Dot Chinese Website is deemed as a premium domain name, and TLD Registry has sold over $900,000 in premium domain names. It holds the record for the most successful premium domain name auction in the ICANN New gTLD Program. The auction was held in the prestigious private members club of the Galaxy Macau, CHINA ROUGE.

Hundreds of popular brands and corporations such as Nokia, MSN, Reuters, Jay Chou, the NBA, Eminem, CNBC， IMDb, Real Madrid, Samsung, the United Nations, the BBC and various others are using the term 中文网 in their names.

TLD Registry has 52 different accredited partner registrars currently serving the domain name Dot Chinese Website.

Dot Chinese Website (.中文网) along with Dot Chinese Online (.在线) currently hold the highest volume in the world in new IDN gTLD registrations. A feature case study was carried out about the two Chinese IDNs in Section 8.2.5 of the report (page 86).

In the Domain Name Association's (DNA) first official newsletter the State of the Domains", Dot Chinese Online (.在线) and Dot Chinese Website (.中文网) were featured in the "IDN Spotlight" portion. Released in October 2014, at ICANN 51 in Los Angeles, the "State of the Domains" is a comprehensive quarterly report that provides analysis, trends, and case studies of current Internet domains. TLD Registry, is responsible for the design of the newsletter and completed the full-Mandarin edition of the newsletter.

==Registration history==
The application for Dot Chinese Website domain was submitted to ICANN on April 12, 2013.

Finnish Prime Minister Jyrki Katainen, attended the ICANN signing ceremony of the Formal Registry Agreement (RA) contract in Beijing on September 10, 2013.

On December 3, 2013 in Helsinki, Finland, TLD Registry Ltd, a domain name registry dedicated to Chinese IDNs, announced the launch schedule for two of its domains: Dot Chinese Online and Dot Chinese Website.

According to ICANN regulation and rules, the Dot Chinese Online (.在线) and Dot Chinese Website (.中文网) were introduced to the global internet.

On November 28, Dot Chinese Online and Dot Chinese Website passed ICANN pre-delegation testing, to test for technical integrity. For 60 days, beginning on January 17 - March 17, Dot Chinese Online and Dot Chinese Website went through the trademark-owners only Sunrise period. The second stage, "the Landrush period" occurred on March 20.

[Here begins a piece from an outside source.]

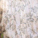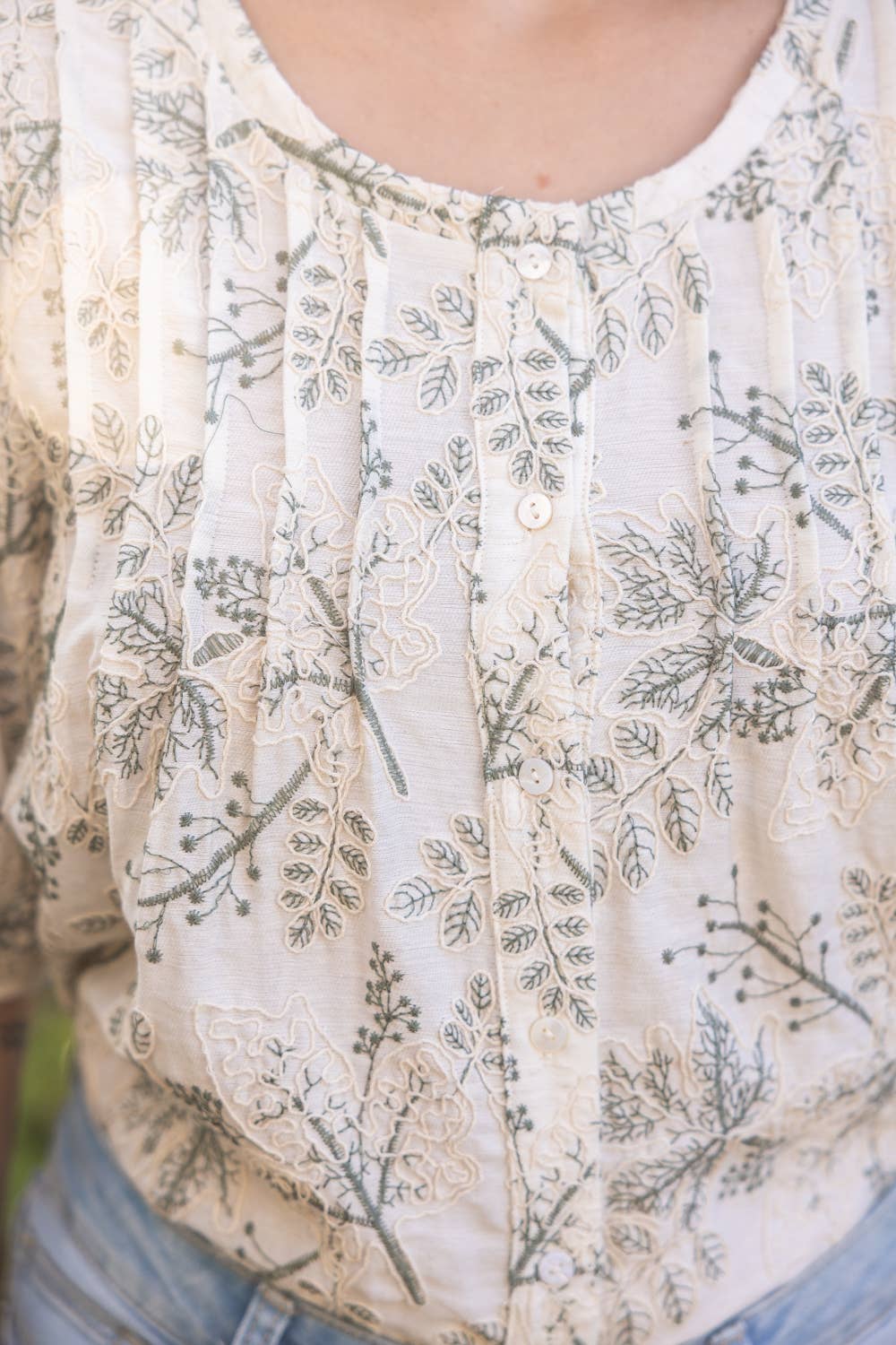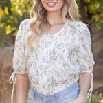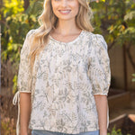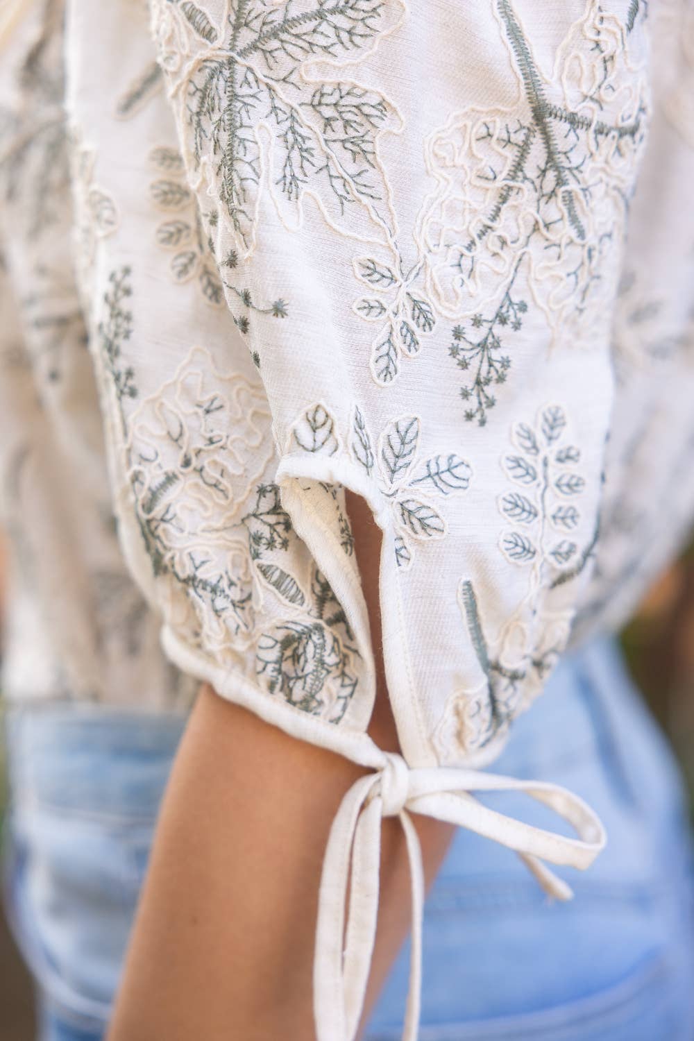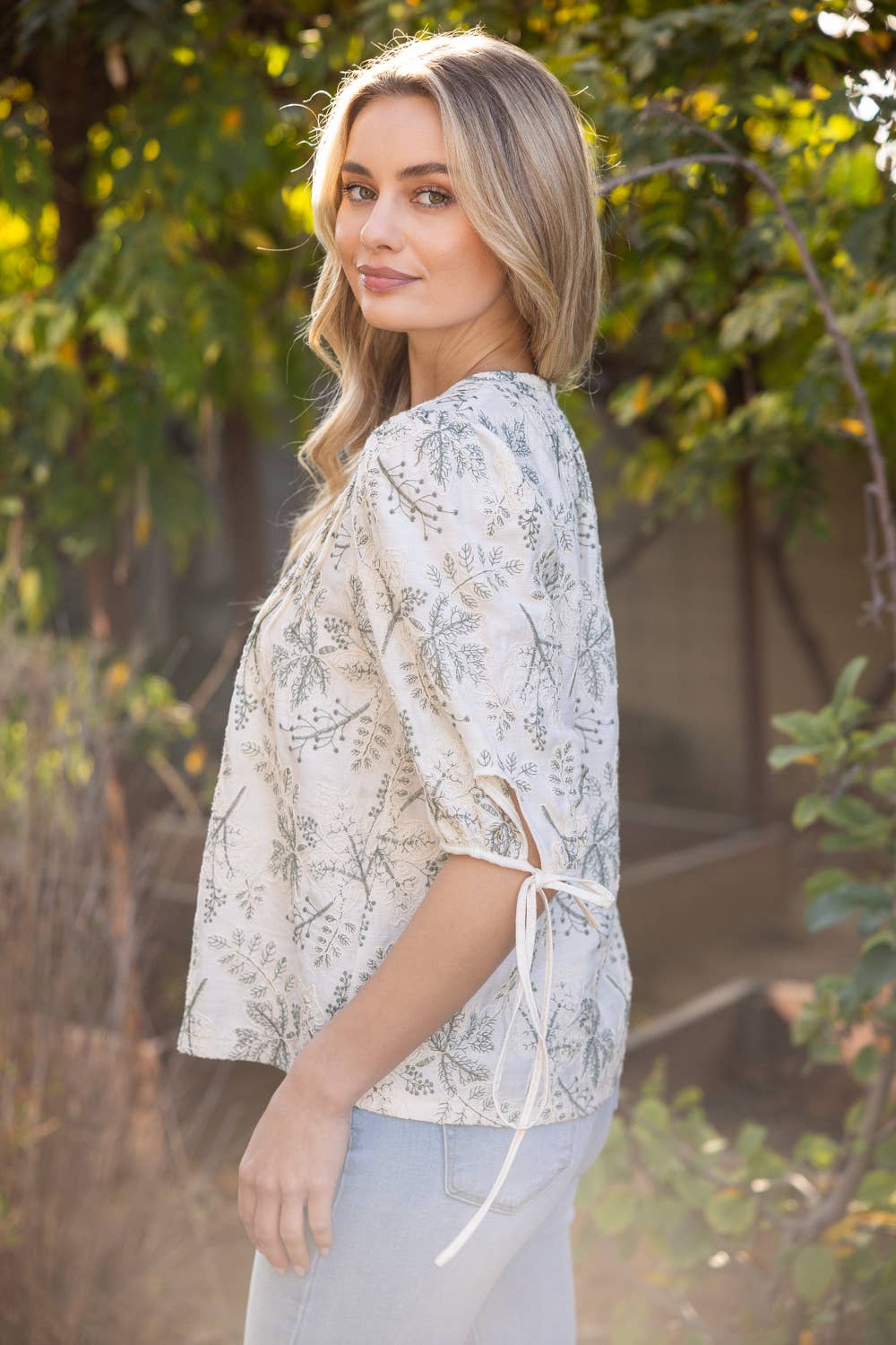 • Round neckline • Half sleeve • Contrast spaghetti strap tie on cuff • Pintucked yoke detail • Floral embroidery woven fabric Model height 5' 8", wearing size Small. A soft botanical embroidered blouse featuring puff sleeves with adjustable ties, pintuck details, and a relaxed feminine silhouette. Lightweight and airy-perfect for spring and summer styling.

Dot Chinese Online and Dot Chinese Website were auctioned off at the Galaxy Macau on Friday, March 21. The Landrush period went on through the weeklong ICANN conference in Singapore (March 23–27) and China's Qing Ming festival (April 4–6), and concluded on Thursday, April 24. A three-day quiet period immediately followed. General availability of domain names Dot Chinese Online and Dot Chinese Website began on Monday April 28, 2014.

The Landrush event incited the Chinese government, which purchased close to 20,000 IDNs. The Chinese government also announced that the Ministry of Industry and Information Technology of the People's Republic of China (MIIT) has made it mandatory for all Chinese government-run websites to make the change to exclusively Chinese-specific domain names.

==Security==
It is difficult for Chinese netizens to identify phishing attacks in a complete English URL due to language barriers. Therefore, Chinese IDNs provide a source of protection for Chinese consumers against phishing attacks. Chinese netizens (and the Chinese government) tend to favor fully Chinese web addresses because they are more easily able to spot phishing URLs in their own language.